Человек этот придерживался демократических взглядов, но был религиозен и потому разделял и идеалистическое мировоззрение. Он прекрасно разбирался в философии идеализма и потому выступал как идейный противник Ласло Рудаша. Однако, сколько он ни старался, ему не только не удалось сокрушить своего «противника», но он и сам оказался побежденным. Правда, это поражение иезуит отнес только на свой собственный счет, а отнюдь не идеалистической философии.

— Я признаю себя побежденным, товарищ Рудаш, — сказал он. — Но когда мы вернемся на родину, я сведу вас с моим учителем-иезуитом, и если вы и его победите, то я стану коммунистом!

Рудаш не растерялся и ответил со свойственной ему иронией:

— Я же хочу сказать вам, что если ваш преподаватель-иезуит победит меня в диспуте, то я сам стану иезуитом!

По вечерам, чтобы ближе узнать друг друга, мы по очереди рассказывали о себе, о своей жизни. Каждый мог задать любой вопрос выступающему. Много интересного, а порой прямо-таки потрясающего узнавали мы друг о друге в такие вечера.

До сих пор хорошо помню рассказ Ференца Цинна, цыгана. В детстве он не умел ни читать, ни писать, а потом начал принимать участие в движении трансильванских коммунистов, где он не только научился грамоте, но, пройдя через тюремные «университеты», стал убежденным революционером.

На нас, молодых, оказывало большое влияние то, что мы познакомились с жизнью коллектива коммунистов, на долю которых выпали тяжелые испытания и которые овладели теперь теоретическими знаниями, готовясь к будущей свободной жизни.

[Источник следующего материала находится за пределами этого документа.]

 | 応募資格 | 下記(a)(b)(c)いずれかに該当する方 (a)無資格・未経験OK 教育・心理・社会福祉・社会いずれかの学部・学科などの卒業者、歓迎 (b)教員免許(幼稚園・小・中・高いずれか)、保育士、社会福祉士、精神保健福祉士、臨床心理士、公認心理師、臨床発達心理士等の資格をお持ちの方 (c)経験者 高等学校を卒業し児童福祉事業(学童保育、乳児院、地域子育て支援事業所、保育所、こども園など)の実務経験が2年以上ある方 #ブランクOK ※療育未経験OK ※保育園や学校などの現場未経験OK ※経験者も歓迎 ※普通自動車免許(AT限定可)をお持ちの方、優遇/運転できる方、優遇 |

Меня лично потрясли эпизоды из жизни Иштвана Кошши, который сам резко критиковал себя и свою прежнюю деятельность. До армии он был довольно известным профсоюзным функционером социал-демократической партии, поддерживал связи с социал-демократическими партиями и профсоюзами многих европейских стран. Он бывал на многих международных конгрессах и был лично знаком с целым рядом европейских политических деятелей. Как только началась война, его забрали в штрафную роту, отправлявшуюся на фронт. С острой иронией он рассказывал о том, какими глупыми и беспомощными они были, когда позволяли гнать себя на верную гибель. Им не раз представлялась возможность бежать к партизанам или на сторону Советской Армии, но они по недомыслию не сделали этого.

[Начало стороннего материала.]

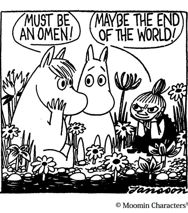 ムーミン、リトルミイ、スノークのおじょうさんはこれからどうなってしまうのかと話あっています。

— Однажды, — продолжал свой рассказ Кошша, — было это в самый разгар жаркого лета, наша штрафная рота вышла к какой-то речке. В боях мы еще не побывали, и потому пока не имели потерь. Наши охранники посадили нас на берегу, а сами разделись и бросились купаться, оставив всю свою одежду и оружие тут же на берегу. Они купались, плескались, как вдруг, откуда ни возьмись, из леса выскочили партизаны. Они начали стрелять в барахтавшихся в реке охранников, как бы подстрекая нас к бегству. Они стреляли не в нас, а только в охранников. По-видимому, успели заметить, что мы безоружны, а если так, то следовательно, мы не кто иные, как штрафники. Охранники, обезумев от страха, бросились бежать, вернее говоря, плыть на противоположный берег. И как вы думаете, что же сделали мы? Не отгадаете! Мы бросились вслед за ними, не за партизанами, а за нашими охранниками! И не просто бросились, а захватили всю их одежду и оружие, чтобы им было чем убивать нас!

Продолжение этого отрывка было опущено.